*Assignment:* Every line from the first one in the data below through the line holding "Back in the" is to be written out exactly, with the pictures omitted.

*Input data:*
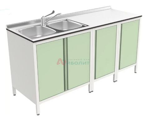 - Мойка состоит из тумб, столешницы из пластика толщиной 14 мм и мойки 2-х чашевой.
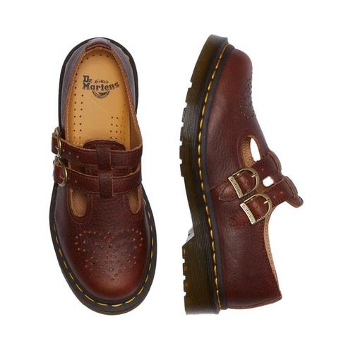 Back in the 80s, our 8065 shoe turned the tradition of impractical women’s footwear on its head. Fusing a classic T-bar fastening with a rugged AirWair sole, the well-trodden silhouette remains a favorite to this day. This edition stays true to the Original construction, with tough Smooth leather and our signature yellow welt stitching.
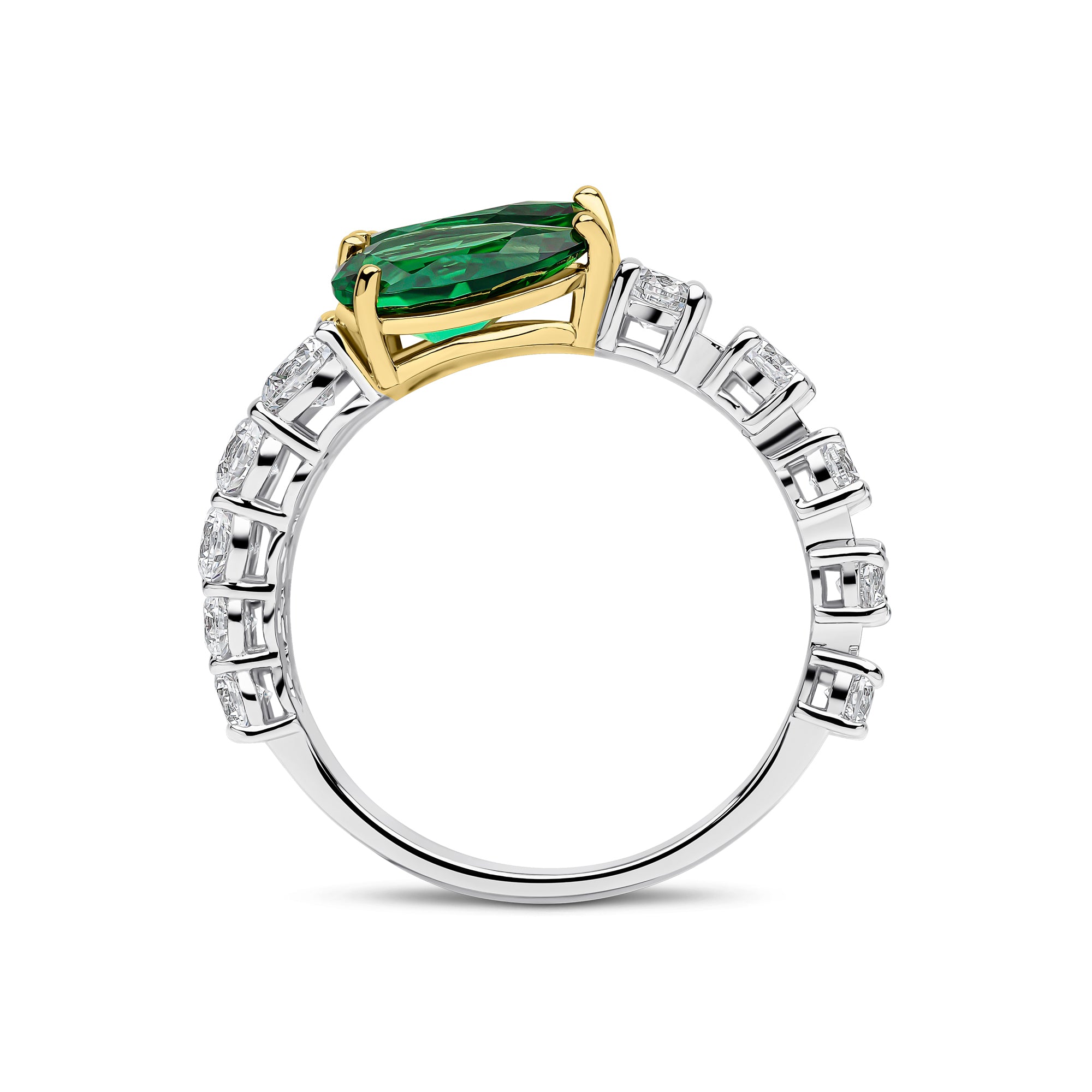 The Maddy ring features graduating white round cubic zirconia stones with three central emerald cubic zirconia pear-shape stone. This ring is set in two-tone gold and rhodium plated sterling silver.
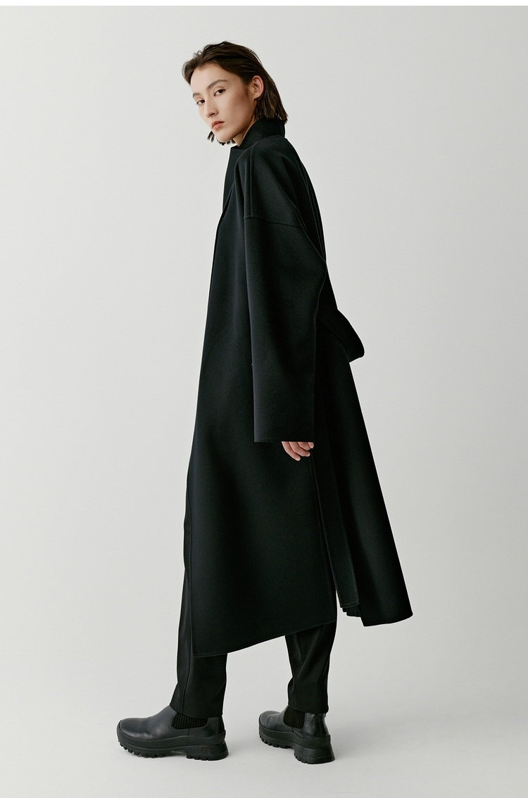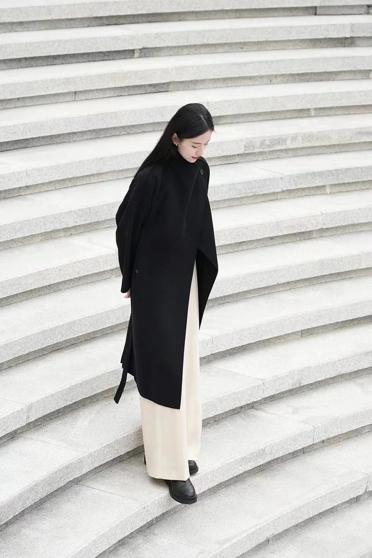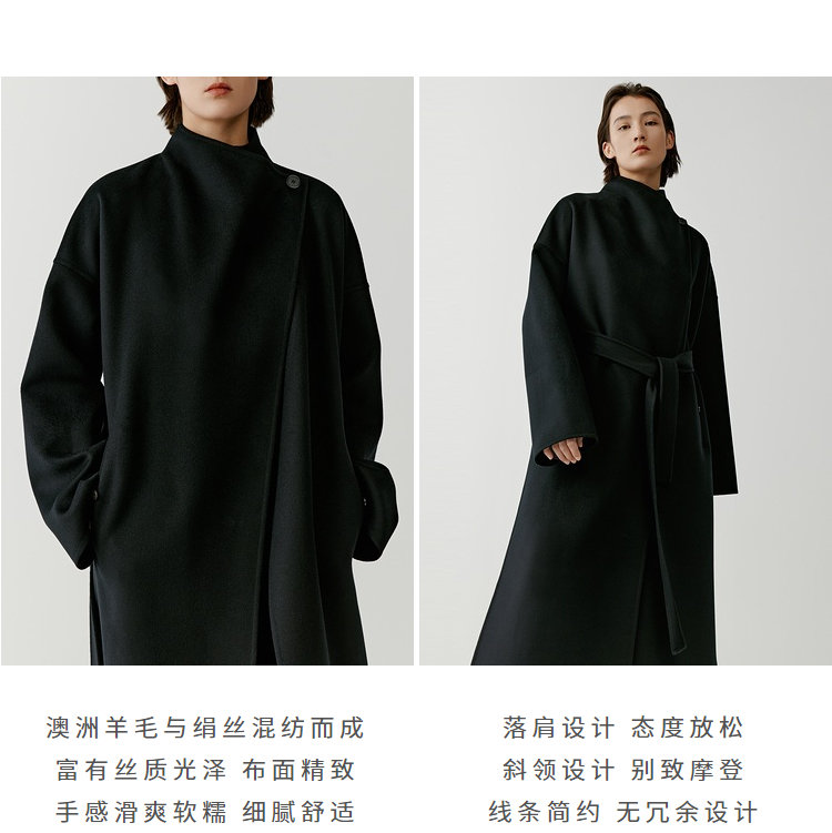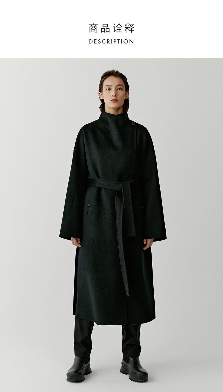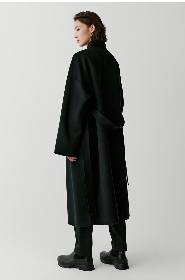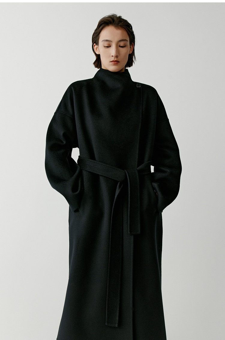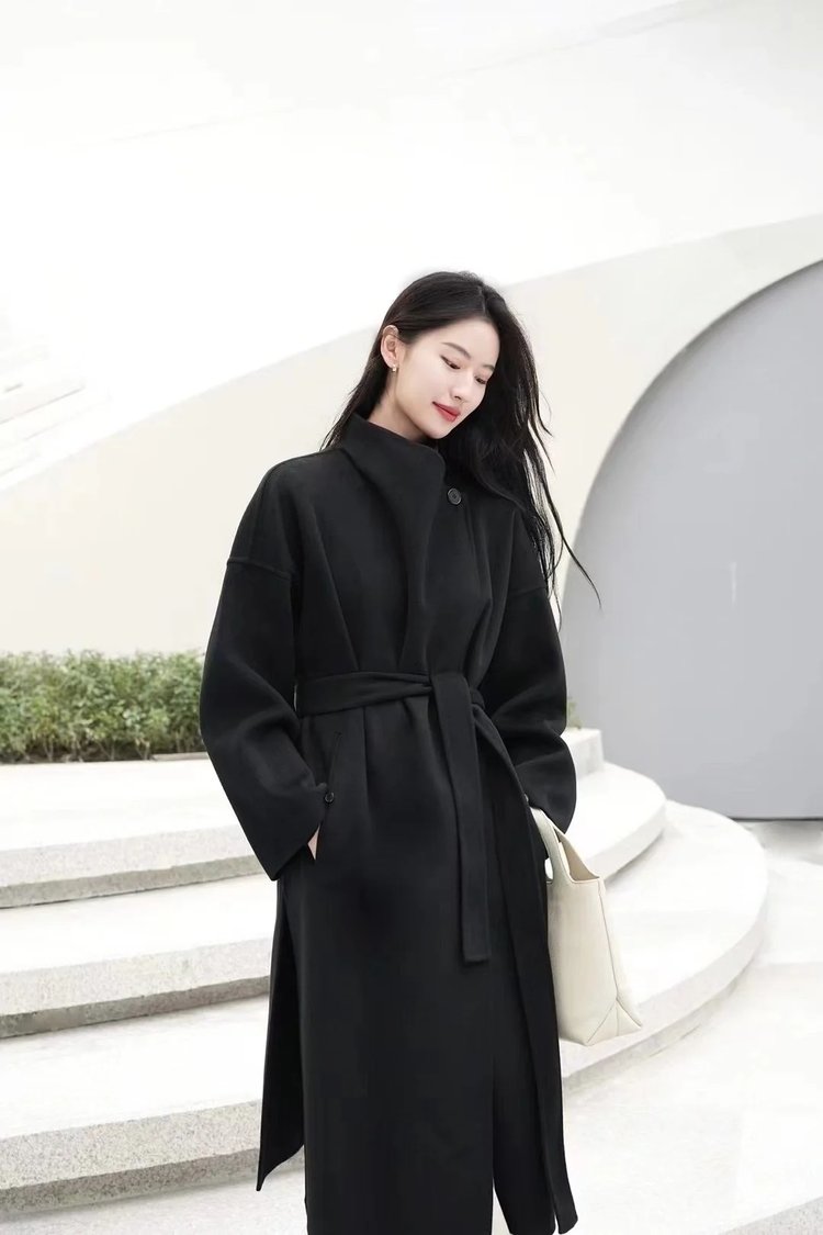 小禾同款"黑骑士大衣”绢丝羊毛双面呢系带大衣

*Written answer:*
 - Мойка состоит из тумб, столешницы из пластика толщиной 14 мм и мойки 2-х чашевой.
 Back in the 80s, our 8065 shoe turned the tradition of impractical women’s footwear on its head. Fusing a classic T-bar fastening with a rugged AirWair sole, the well-trodden silhouette remains a favorite to this day. This edition stays true to the Original construction, with tough Smooth leather and our signature yellow welt stitching.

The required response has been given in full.